Martin has said he considered a T.V series the only other medium that would do justice to the books. Certainly a film would require a ruthless butcher for screenwriter. Each is a mighty tome – with book 4 ‘A Feast For Crows’ being nearly as long as the first three books put together. Martin’s canvas is extraordinary – he plays on a board game that spans continents and centuries, yet introduces his readers to every pawn with loving attention.

In some ways, he’s the anti-Tolkien of epic fantasy. Where Tolkien’s prose were dense and lofty, Martin’s is far more accessible and intimate, even if it is dark and depressing stuff. Where Tolkien relied heavily on stereotypes of good and evil, Martin delights in ambiguity - his heroes are villains, his villains, heroes. Where Tolkien was too refined for graphic descriptions of sex and violence, Martin fills his pages with explicit portrayals of both. Most importantly, there is no over arching quest – all we know is that winter is coming and that none of us is quite prepared for it.

Like Tolkien, Martin has been known to resurrect a character or two. Unlike Tolkien however, he also delights in killing them off. A host of funerals litter every book, with some of the most beloved characters being sent off to brutal, untimely deaths. (Martin on his penchant for literary murder: “I’ve been killing characters my entire career... when my characters are in danger, I want you to be afraid to turn the page...you need to show right from the beginning that you’re playing for keeps.”) Of magic, there is surprisingly little, instead his books suck readers into the bloody politics of the 7 kingdoms. As would-be kings sprout up like grass, Martin pitches one old house against the other, and weaves plots and counter plots with every chapter. It’s why Martin’s work has been described as fantasy for people who don’t usually read fantasy. For those of us who do, there’s still enough to sate our appetites. Between the Direwolves and the Dragons, the Seven and the God of Light, the Others and the Children of the Trees there’s enough to justify Martin’s reputation as a contemporary master of the genre.

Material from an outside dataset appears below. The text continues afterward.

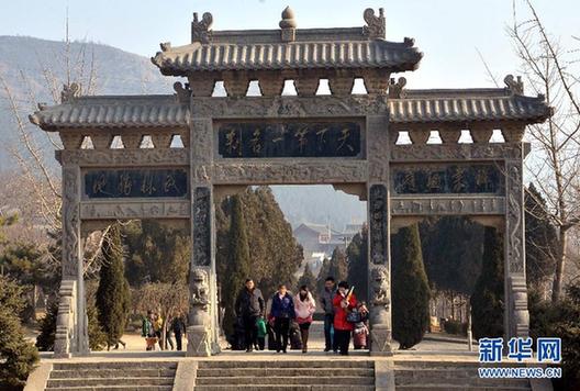 幾位游客穿過嵩山少林景區內的石牌坊,準備前往少林寺參觀(2012年1月31日攝)。自2011年底全國旅游景區質量等級評定委員會對嵩山少林景區下達了限期整改通知后,景區的旅游市場受到很大影響,今年元月份,景區游客人數和門票收入都有較大幅度的下滑。據登封市旅游局的一份統計數據顯示,今年春節期間少林景區游客接待量為6.1萬人次,比2011年同期下降了41.8%,門票收入則下降了13.7%。(新華社記者王頌 攝)

He was also, at least until ‘A Feast for Crows’ a master of pacing. It seemed that every other chapter ended on a cliffhanger and at the end of each book you were already reaching for the next. But AFFC (as the fourth book is known) was not GRRM at his best. (Turns out acronyms are a thing with Martin fans). The book is far too long and even tedious in parts – an accusation never levelled at the others in the series. At least, with ‘A Dance of Dragons’ Martin will bring back some of our favourite characters – we have missed the dwarf Tyrion Lannister and Bran Stark. With two more books left to complete the seven book cycle, his fans are hoping he won’t pull a J.K Rowling and continue to go downhill or do a Robert Jordan and simply leave the series unfinished.